**About this exercise**
Which lines run from the line with "For the man" to the end of the entries? Write out exactly those, leaving out the pictures.

**Data provided**
-------------------------

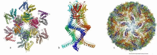 在过去的几年里,研究人员发布了大量复杂蛋白质复合物的原子结构。a为一个控制昼夜节律的蛋白质;b为耳内的一个感受压力变化的传感器,让我们能听到声音;c为Zika病毒。
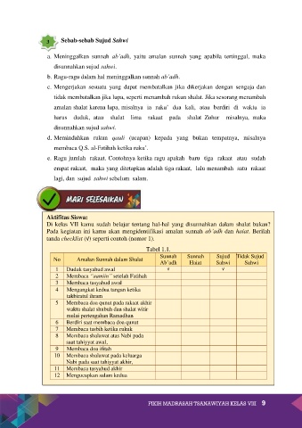 Pada kegiatan ini kamu akan mengidentifikasi amalan sunnah ab‟adh dan haiat. Berilah
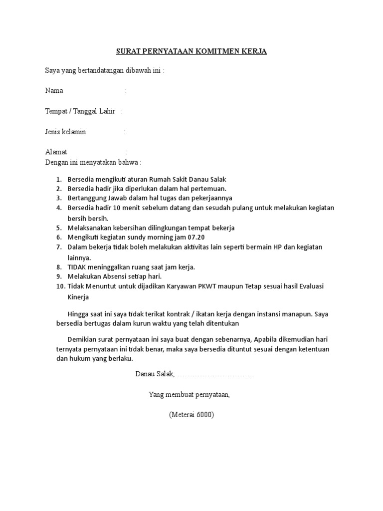 Contoh surat komitmen kerja. Hallo sobat sharing pada kesempatan ini saya akan menyajikan banyak contoh surat pernyataan kerja kesanggupan sikap belum menikah dll beserta format dan cara penyusunannyakamu pasti sedang membutuhkannya. Contoh surat perjanjian no. Yang bertanda tangan dibawah ini. Surat perjanjian kerja paruh waktu. Namun untuk urusan komunikasi perusahaan maupun berbagai lembaga maupun instansi pemerintah penggunaan surat masih merupakan sesuatu hal yang wajib untuk dilakoni. Bangga dan senantiasa memandang perusahaan secara positif di situasi apapun.
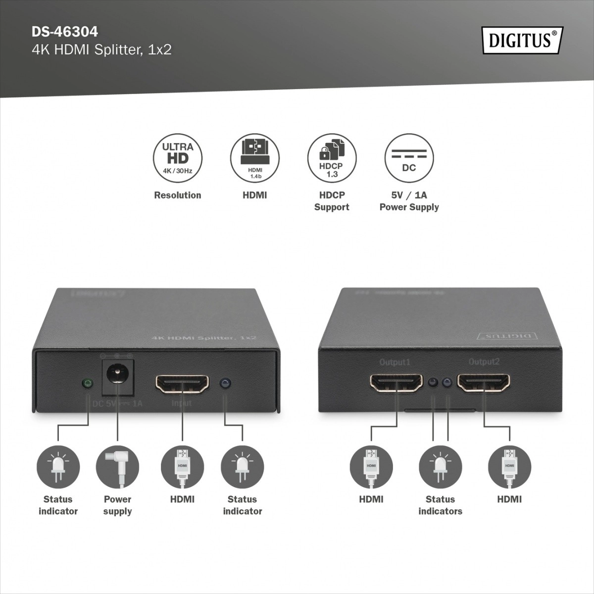 Uz napon 5V/1A jednostavno se napaja, a zahvaljujući LED indikatorima statusa uvijek imate pregled nad vezama. Razdjelnik je također opremljen funkcijom ponavljanja HDCP-a prema monitoru, što osigurava višu razinu sigurnosti prijenosa podataka.
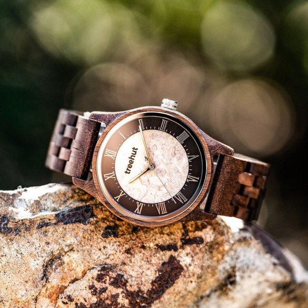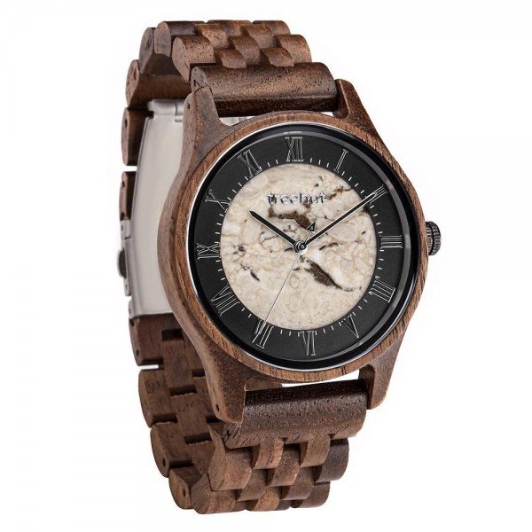 For the man at ease anywhere in the world, wherever they may be going or wherever they’ve arrived. The Sojourn Collection is effortless with modern but bold confidence. Diverse styling makes it an everyday watch for the most eclectic of wearers. Constructed with an all-wood case, 5-link wood band, a real marble dial detailed with a stainless steel ring and combined with striking Roman numerals or bar markings create a unique layered look. Textured and balanced, like the wearer of this timepiece.
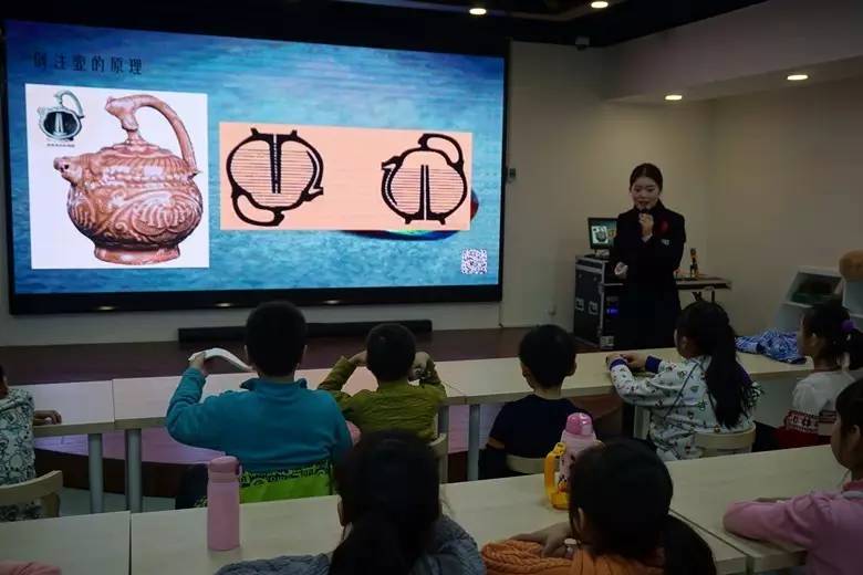 “陜博星課堂——十八國寶系列之神奇的倒注壺”課程結合“陜西古代文明”展覽,讓孩子們通過參觀展覽,了解中國陶瓷發(fā)展史,領略古人制作器物的奇思妙想。
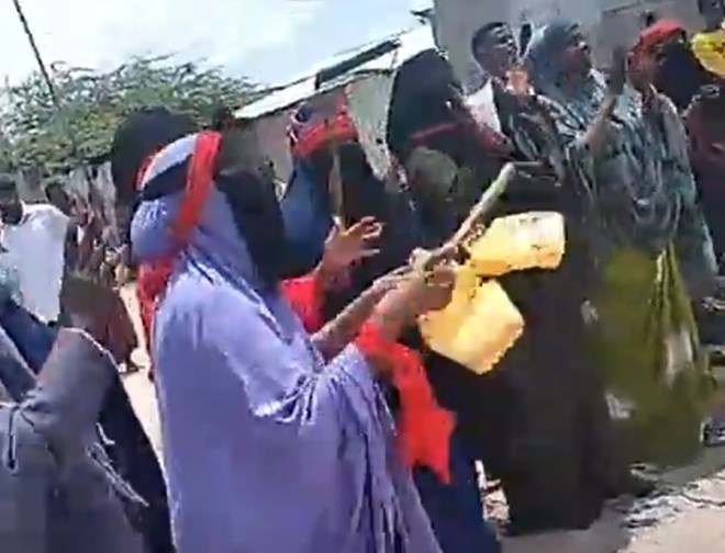 The protestors - primarily women and children - gathered at the Tarabuunka intersection in Hodan district, burning car tires and other debris and disrupting public transport for hours.
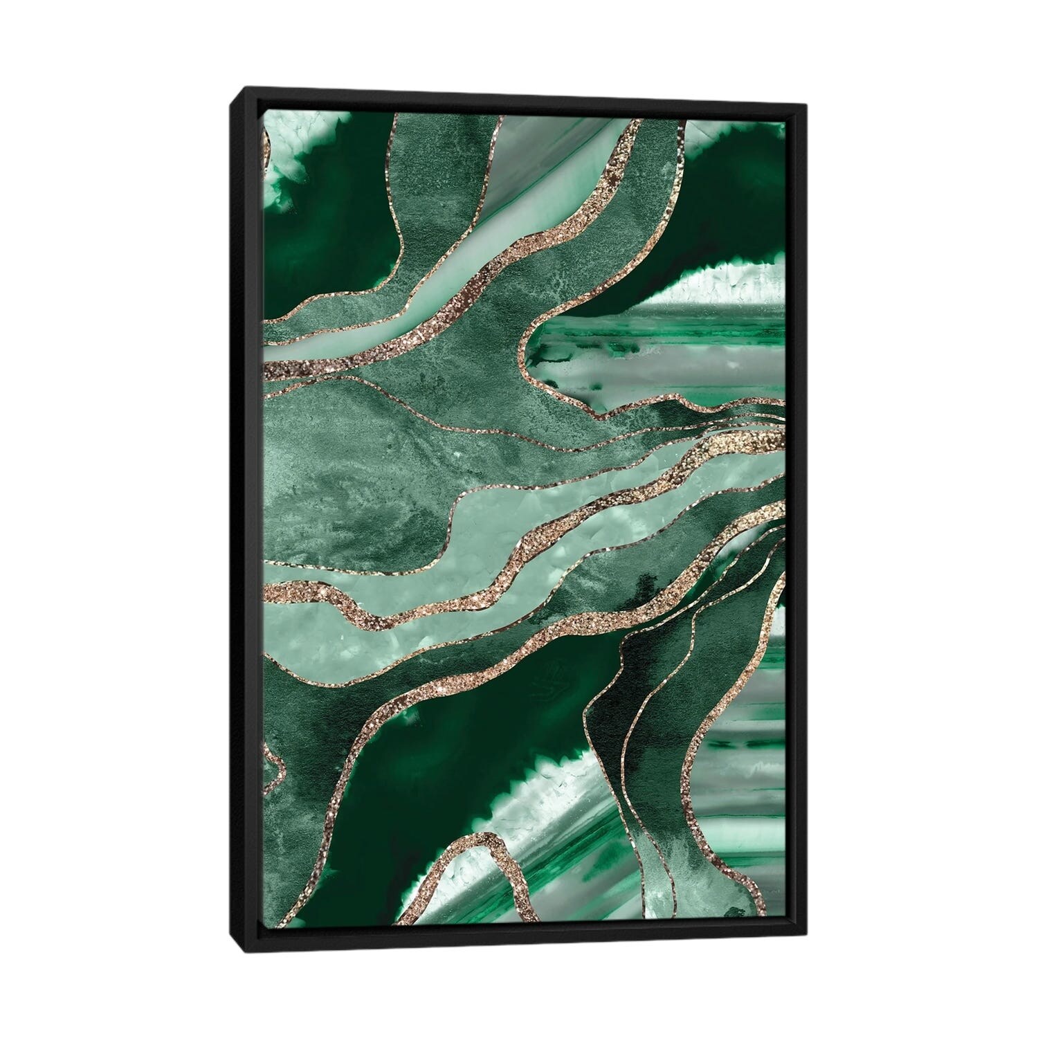 iCanvas "Emerald Green Marble Agate Gold Glitter Glam I" by Anita's & Bella's Art Framed

-------------------------

**Finished exercise**
 For the man at ease anywhere in the world, wherever they may be going or wherever they’ve arrived. The Sojourn Collection is effortless with modern but bold confidence. Diverse styling makes it an everyday watch for the most eclectic of wearers. Constructed with an all-wood case, 5-link wood band, a real marble dial detailed with a stainless steel ring and combined with striking Roman numerals or bar markings create a unique layered look. Textured and balanced, like the wearer of this timepiece.
 “陜博星課堂——十八國寶系列之神奇的倒注壺”課程結合“陜西古代文明”展覽,讓孩子們通過參觀展覽,了解中國陶瓷發(fā)展史,領略古人制作器物的奇思妙想。
 The protestors - primarily women and children - gathered at the Tarabuunka intersection in Hodan district, burning car tires and other debris and disrupting public transport for hours.
 iCanvas "Emerald Green Marble Agate Gold Glitter Glam I" by Anita's & Bella's Art Framed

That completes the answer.